◆ **ABOUT THIS TASK**
Every line from the one with "СохранитьFRAP F10806-6, Смеситель" up to and including the one with "Detayları : Buzdolabı, Bulaşık" is to be output exactly as it appears below; pictures are not.
═════ EXERCISE INPUTS ═════
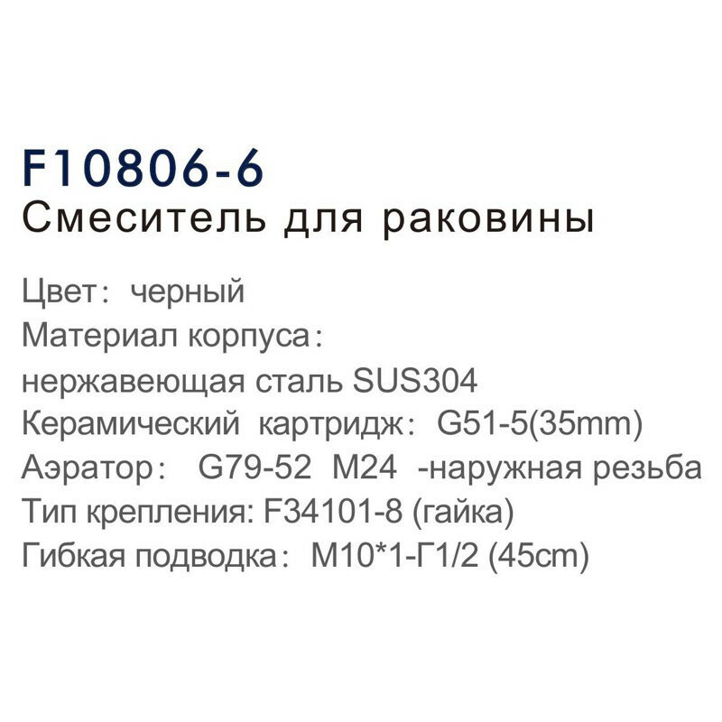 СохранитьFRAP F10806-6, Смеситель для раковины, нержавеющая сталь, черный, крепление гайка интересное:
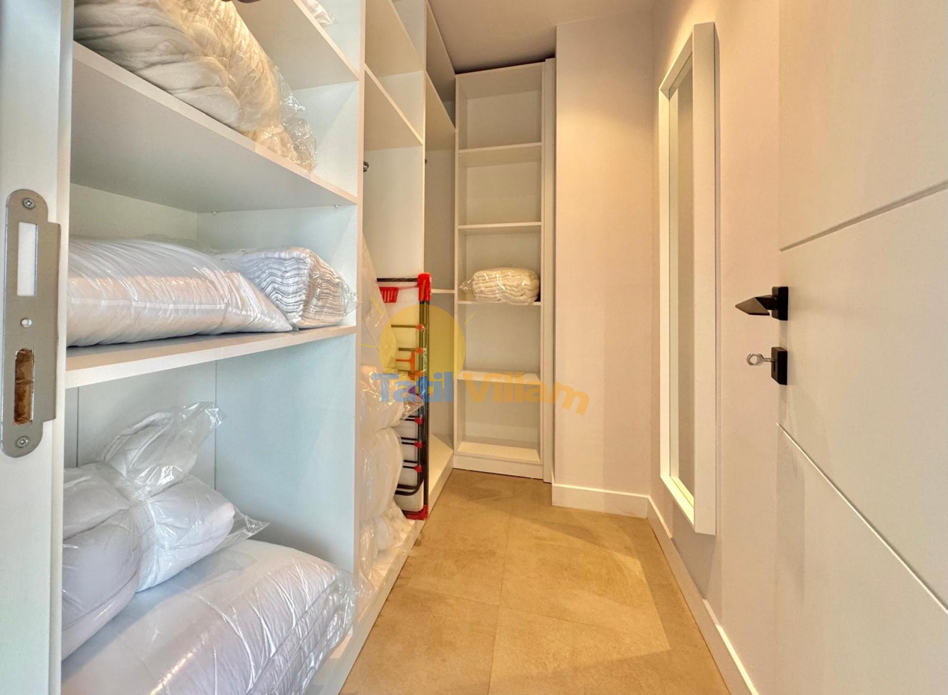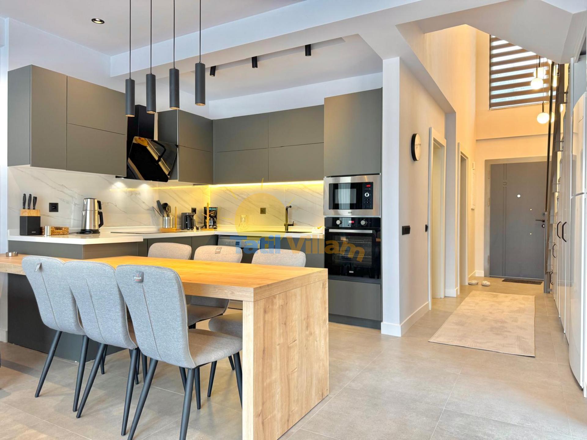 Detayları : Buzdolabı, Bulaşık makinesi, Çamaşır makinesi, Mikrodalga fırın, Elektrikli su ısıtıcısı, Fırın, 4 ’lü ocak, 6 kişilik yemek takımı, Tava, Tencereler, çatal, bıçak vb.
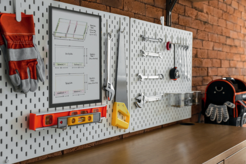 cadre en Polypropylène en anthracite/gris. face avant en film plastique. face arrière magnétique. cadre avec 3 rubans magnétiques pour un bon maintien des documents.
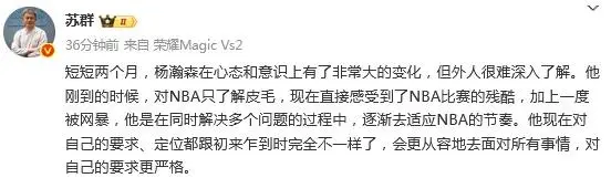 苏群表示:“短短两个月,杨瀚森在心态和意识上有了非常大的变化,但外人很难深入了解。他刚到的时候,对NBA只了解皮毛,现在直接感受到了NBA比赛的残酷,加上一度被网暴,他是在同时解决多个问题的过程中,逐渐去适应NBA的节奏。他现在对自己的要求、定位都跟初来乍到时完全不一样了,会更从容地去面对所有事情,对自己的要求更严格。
═════
═════ EXERCISE INPUTS ═════
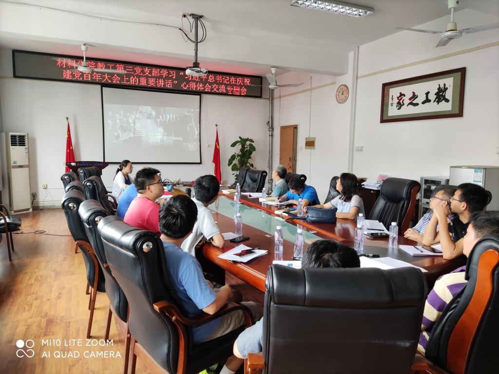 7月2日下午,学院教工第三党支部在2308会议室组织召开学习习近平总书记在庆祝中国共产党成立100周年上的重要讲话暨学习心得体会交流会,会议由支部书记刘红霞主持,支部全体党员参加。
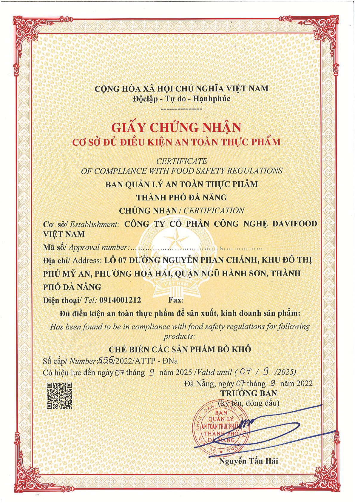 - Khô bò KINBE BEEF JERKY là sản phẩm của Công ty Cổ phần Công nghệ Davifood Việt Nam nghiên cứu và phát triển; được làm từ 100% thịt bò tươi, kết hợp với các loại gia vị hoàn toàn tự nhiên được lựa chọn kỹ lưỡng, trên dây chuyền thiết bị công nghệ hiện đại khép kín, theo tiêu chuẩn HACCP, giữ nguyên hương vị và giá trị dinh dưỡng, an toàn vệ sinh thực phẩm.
═════
═════ EXERCISE INPUTS ═════
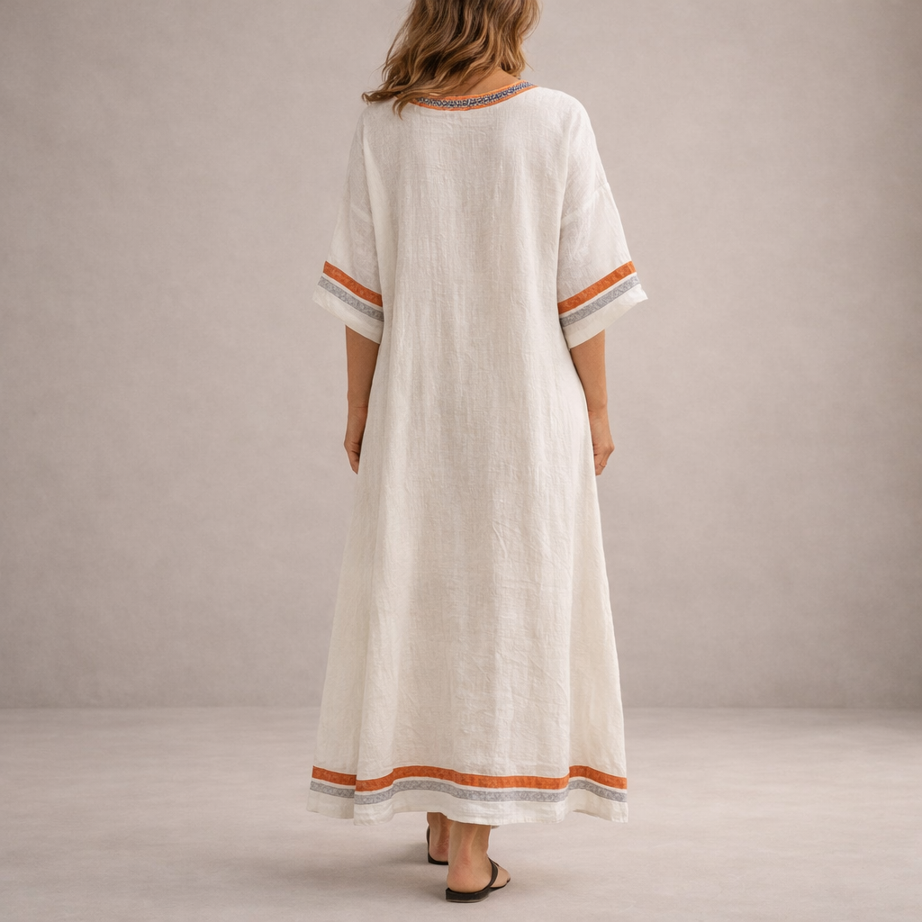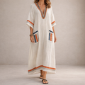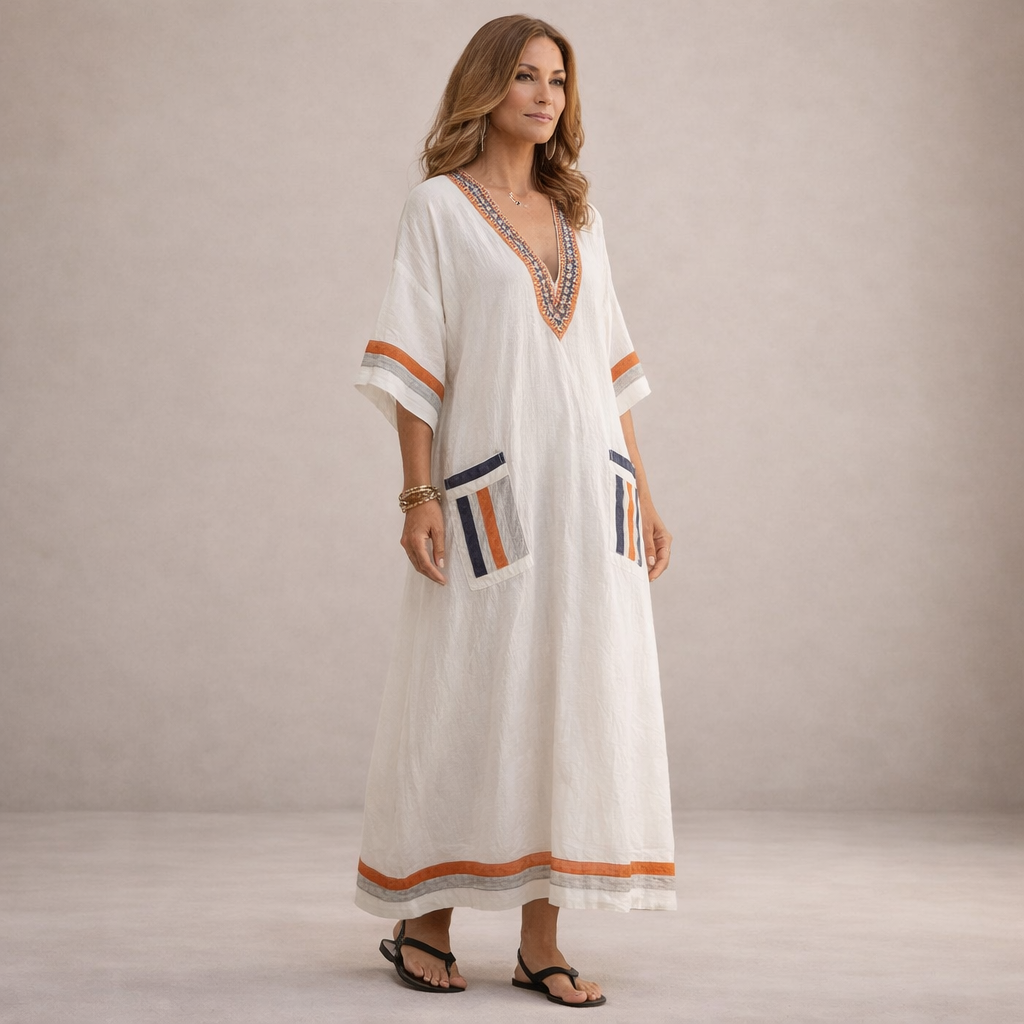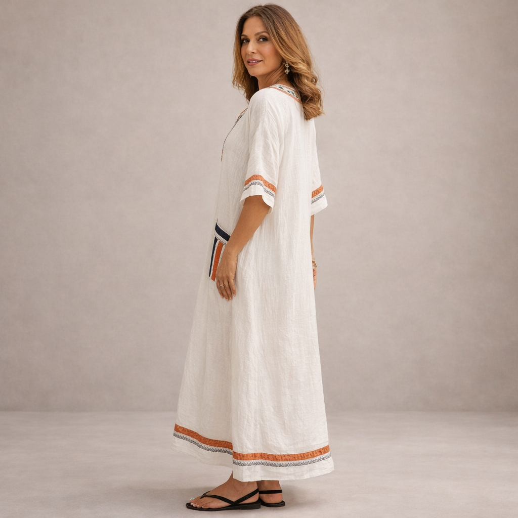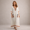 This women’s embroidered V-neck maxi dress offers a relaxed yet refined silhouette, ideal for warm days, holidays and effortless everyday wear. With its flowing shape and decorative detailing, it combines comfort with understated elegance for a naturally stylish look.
═════
◆ **RESULT OF THIS EXERCISE**
 СохранитьFRAP F10806-6, Смеситель для раковины, нержавеющая сталь, черный, крепление гайка интересное:
 Detayları : Buzdolabı, Bulaşık makinesi, Çamaşır makinesi, Mikrodalga fırın, Elektrikli su ısıtıcısı, Fırın, 4 ’lü ocak, 6 kişilik yemek takımı, Tava, Tencereler, çatal, bıçak vb.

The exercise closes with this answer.